▶ [WORK ITEM]
Print out the full listing exactly as it reads.

▶ [EXERCISE DATA]
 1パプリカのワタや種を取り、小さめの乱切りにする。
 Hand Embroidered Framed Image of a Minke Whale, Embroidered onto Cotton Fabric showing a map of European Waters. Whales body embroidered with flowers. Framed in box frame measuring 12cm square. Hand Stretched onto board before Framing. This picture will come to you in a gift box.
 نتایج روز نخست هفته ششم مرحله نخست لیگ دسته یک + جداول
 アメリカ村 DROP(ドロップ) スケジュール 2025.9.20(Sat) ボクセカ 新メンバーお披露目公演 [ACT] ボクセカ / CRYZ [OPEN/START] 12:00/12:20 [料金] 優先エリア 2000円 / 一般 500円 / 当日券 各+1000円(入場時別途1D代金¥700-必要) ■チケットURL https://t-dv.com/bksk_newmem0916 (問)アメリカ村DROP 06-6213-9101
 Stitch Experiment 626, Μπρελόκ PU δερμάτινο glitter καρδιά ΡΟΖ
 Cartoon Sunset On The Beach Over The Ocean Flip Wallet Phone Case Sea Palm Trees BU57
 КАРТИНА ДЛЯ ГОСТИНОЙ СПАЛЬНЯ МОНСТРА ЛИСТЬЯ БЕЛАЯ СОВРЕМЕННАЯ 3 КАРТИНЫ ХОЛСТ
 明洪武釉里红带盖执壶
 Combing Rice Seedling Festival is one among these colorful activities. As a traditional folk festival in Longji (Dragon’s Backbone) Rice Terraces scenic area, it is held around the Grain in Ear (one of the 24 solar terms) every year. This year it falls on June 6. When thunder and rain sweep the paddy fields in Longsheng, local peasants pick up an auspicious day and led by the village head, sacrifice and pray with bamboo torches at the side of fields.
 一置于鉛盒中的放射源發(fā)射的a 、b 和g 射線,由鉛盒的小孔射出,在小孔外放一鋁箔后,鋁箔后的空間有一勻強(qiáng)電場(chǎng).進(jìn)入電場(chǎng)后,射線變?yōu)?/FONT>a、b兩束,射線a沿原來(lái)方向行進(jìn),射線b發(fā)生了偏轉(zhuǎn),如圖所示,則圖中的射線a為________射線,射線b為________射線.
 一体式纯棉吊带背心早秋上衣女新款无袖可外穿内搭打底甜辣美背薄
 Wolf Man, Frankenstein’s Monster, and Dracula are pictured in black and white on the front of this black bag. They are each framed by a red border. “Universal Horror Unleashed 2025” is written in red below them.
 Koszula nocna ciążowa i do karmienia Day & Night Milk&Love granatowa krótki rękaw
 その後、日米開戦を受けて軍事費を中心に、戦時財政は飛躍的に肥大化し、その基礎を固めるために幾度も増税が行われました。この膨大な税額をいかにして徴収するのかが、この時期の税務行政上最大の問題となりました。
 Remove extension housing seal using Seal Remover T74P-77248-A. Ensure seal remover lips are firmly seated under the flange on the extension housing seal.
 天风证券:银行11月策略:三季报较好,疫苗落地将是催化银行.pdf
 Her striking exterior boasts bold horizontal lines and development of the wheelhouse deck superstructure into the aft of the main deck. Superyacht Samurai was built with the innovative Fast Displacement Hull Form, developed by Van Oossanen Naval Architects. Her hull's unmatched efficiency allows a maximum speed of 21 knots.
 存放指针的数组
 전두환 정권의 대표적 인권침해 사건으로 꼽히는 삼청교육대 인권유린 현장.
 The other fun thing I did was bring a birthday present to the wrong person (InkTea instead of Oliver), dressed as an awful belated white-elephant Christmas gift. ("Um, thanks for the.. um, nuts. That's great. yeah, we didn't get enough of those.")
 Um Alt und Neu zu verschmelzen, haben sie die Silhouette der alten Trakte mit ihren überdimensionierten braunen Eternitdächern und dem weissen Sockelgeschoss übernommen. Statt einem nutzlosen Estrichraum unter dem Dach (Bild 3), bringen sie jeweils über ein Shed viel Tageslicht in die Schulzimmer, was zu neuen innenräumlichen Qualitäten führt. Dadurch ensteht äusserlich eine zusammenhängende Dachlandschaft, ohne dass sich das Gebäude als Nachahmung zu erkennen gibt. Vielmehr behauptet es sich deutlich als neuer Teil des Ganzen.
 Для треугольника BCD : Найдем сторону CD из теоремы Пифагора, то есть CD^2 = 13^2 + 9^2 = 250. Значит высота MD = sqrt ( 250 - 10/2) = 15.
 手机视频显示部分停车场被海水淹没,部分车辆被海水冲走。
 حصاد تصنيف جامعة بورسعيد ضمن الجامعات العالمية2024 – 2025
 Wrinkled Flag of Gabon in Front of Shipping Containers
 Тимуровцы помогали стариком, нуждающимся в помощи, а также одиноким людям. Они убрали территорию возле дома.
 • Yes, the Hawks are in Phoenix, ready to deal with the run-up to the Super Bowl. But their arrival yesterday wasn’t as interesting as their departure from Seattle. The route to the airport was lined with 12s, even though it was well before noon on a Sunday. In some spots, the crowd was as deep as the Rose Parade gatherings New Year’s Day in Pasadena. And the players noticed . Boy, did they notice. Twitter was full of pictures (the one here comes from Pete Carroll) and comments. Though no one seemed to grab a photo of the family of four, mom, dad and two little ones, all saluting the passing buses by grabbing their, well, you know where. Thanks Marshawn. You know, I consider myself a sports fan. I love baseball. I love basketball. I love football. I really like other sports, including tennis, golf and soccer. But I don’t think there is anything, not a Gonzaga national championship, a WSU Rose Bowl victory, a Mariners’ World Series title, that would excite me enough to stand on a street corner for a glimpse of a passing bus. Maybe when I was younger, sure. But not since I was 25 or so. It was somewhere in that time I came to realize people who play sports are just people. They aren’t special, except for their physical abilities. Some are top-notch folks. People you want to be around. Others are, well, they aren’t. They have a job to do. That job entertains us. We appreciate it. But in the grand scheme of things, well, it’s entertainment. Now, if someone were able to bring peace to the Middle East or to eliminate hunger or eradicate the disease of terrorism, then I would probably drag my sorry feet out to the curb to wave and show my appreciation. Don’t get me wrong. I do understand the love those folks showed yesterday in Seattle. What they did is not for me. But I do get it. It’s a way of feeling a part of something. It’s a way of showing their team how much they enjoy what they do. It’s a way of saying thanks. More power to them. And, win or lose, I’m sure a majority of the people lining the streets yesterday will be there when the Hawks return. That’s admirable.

▶ [OUTPUT]
 1パプリカのワタや種を取り、小さめの乱切りにする。
 Hand Embroidered Framed Image of a Minke Whale, Embroidered onto Cotton Fabric showing a map of European Waters. Whales body embroidered with flowers. Framed in box frame measuring 12cm square. Hand Stretched onto board before Framing. This picture will come to you in a gift box.
 نتایج روز نخست هفته ششم مرحله نخست لیگ دسته یک + جداول
 アメリカ村 DROP(ドロップ) スケジュール 2025.9.20(Sat) ボクセカ 新メンバーお披露目公演 [ACT] ボクセカ / CRYZ [OPEN/START] 12:00/12:20 [料金] 優先エリア 2000円 / 一般 500円 / 当日券 各+1000円(入場時別途1D代金¥700-必要) ■チケットURL https://t-dv.com/bksk_newmem0916 (問)アメリカ村DROP 06-6213-9101
 Stitch Experiment 626, Μπρελόκ PU δερμάτινο glitter καρδιά ΡΟΖ
 Cartoon Sunset On The Beach Over The Ocean Flip Wallet Phone Case Sea Palm Trees BU57
 КАРТИНА ДЛЯ ГОСТИНОЙ СПАЛЬНЯ МОНСТРА ЛИСТЬЯ БЕЛАЯ СОВРЕМЕННАЯ 3 КАРТИНЫ ХОЛСТ
 明洪武釉里红带盖执壶
 Combing Rice Seedling Festival is one among these colorful activities. As a traditional folk festival in Longji (Dragon’s Backbone) Rice Terraces scenic area, it is held around the Grain in Ear (one of the 24 solar terms) every year. This year it falls on June 6. When thunder and rain sweep the paddy fields in Longsheng, local peasants pick up an auspicious day and led by the village head, sacrifice and pray with bamboo torches at the side of fields.
 一置于鉛盒中的放射源發(fā)射的a 、b 和g 射線,由鉛盒的小孔射出,在小孔外放一鋁箔后,鋁箔后的空間有一勻強(qiáng)電場(chǎng).進(jìn)入電場(chǎng)后,射線變?yōu)?/FONT>a、b兩束,射線a沿原來(lái)方向行進(jìn),射線b發(fā)生了偏轉(zhuǎn),如圖所示,則圖中的射線a為________射線,射線b為________射線.
 一体式纯棉吊带背心早秋上衣女新款无袖可外穿内搭打底甜辣美背薄
 Wolf Man, Frankenstein’s Monster, and Dracula are pictured in black and white on the front of this black bag. They are each framed by a red border. “Universal Horror Unleashed 2025” is written in red below them.
 Koszula nocna ciążowa i do karmienia Day & Night Milk&Love granatowa krótki rękaw
 その後、日米開戦を受けて軍事費を中心に、戦時財政は飛躍的に肥大化し、その基礎を固めるために幾度も増税が行われました。この膨大な税額をいかにして徴収するのかが、この時期の税務行政上最大の問題となりました。
 Remove extension housing seal using Seal Remover T74P-77248-A. Ensure seal remover lips are firmly seated under the flange on the extension housing seal.
 天风证券:银行11月策略:三季报较好,疫苗落地将是催化银行.pdf
 Her striking exterior boasts bold horizontal lines and development of the wheelhouse deck superstructure into the aft of the main deck. Superyacht Samurai was built with the innovative Fast Displacement Hull Form, developed by Van Oossanen Naval Architects. Her hull's unmatched efficiency allows a maximum speed of 21 knots.
 存放指针的数组
 전두환 정권의 대표적 인권침해 사건으로 꼽히는 삼청교육대 인권유린 현장.
 The other fun thing I did was bring a birthday present to the wrong person (InkTea instead of Oliver), dressed as an awful belated white-elephant Christmas gift. ("Um, thanks for the.. um, nuts. That's great. yeah, we didn't get enough of those.")
 Um Alt und Neu zu verschmelzen, haben sie die Silhouette der alten Trakte mit ihren überdimensionierten braunen Eternitdächern und dem weissen Sockelgeschoss übernommen. Statt einem nutzlosen Estrichraum unter dem Dach (Bild 3), bringen sie jeweils über ein Shed viel Tageslicht in die Schulzimmer, was zu neuen innenräumlichen Qualitäten führt. Dadurch ensteht äusserlich eine zusammenhängende Dachlandschaft, ohne dass sich das Gebäude als Nachahmung zu erkennen gibt. Vielmehr behauptet es sich deutlich als neuer Teil des Ganzen.
 Для треугольника BCD : Найдем сторону CD из теоремы Пифагора, то есть CD^2 = 13^2 + 9^2 = 250. Значит высота MD = sqrt ( 250 - 10/2) = 15.
 手机视频显示部分停车场被海水淹没,部分车辆被海水冲走。
 حصاد تصنيف جامعة بورسعيد ضمن الجامعات العالمية2024 – 2025
 Wrinkled Flag of Gabon in Front of Shipping Containers
 Тимуровцы помогали стариком, нуждающимся в помощи, а также одиноким людям. Они убрали территорию возле дома.
 • Yes, the Hawks are in Phoenix, ready to deal with the run-up to the Super Bowl. But their arrival yesterday wasn’t as interesting as their departure from Seattle. The route to the airport was lined with 12s, even though it was well before noon on a Sunday. In some spots, the crowd was as deep as the Rose Parade gatherings New Year’s Day in Pasadena. And the players noticed . Boy, did they notice. Twitter was full of pictures (the one here comes from Pete Carroll) and comments. Though no one seemed to grab a photo of the family of four, mom, dad and two little ones, all saluting the passing buses by grabbing their, well, you know where. Thanks Marshawn. You know, I consider myself a sports fan. I love baseball. I love basketball. I love football. I really like other sports, including tennis, golf and soccer. But I don’t think there is anything, not a Gonzaga national championship, a WSU Rose Bowl victory, a Mariners’ World Series title, that would excite me enough to stand on a street corner for a glimpse of a passing bus. Maybe when I was younger, sure. But not since I was 25 or so. It was somewhere in that time I came to realize people who play sports are just people. They aren’t special, except for their physical abilities. Some are top-notch folks. People you want to be around. Others are, well, they aren’t. They have a job to do. That job entertains us. We appreciate it. But in the grand scheme of things, well, it’s entertainment. Now, if someone were able to bring peace to the Middle East or to eliminate hunger or eradicate the disease of terrorism, then I would probably drag my sorry feet out to the curb to wave and show my appreciation. Don’t get me wrong. I do understand the love those folks showed yesterday in Seattle. What they did is not for me. But I do get it. It’s a way of feeling a part of something. It’s a way of showing their team how much they enjoy what they do. It’s a way of saying thanks. More power to them. And, win or lose, I’m sure a majority of the people lining the streets yesterday will be there when the Hawks return. That’s admirable.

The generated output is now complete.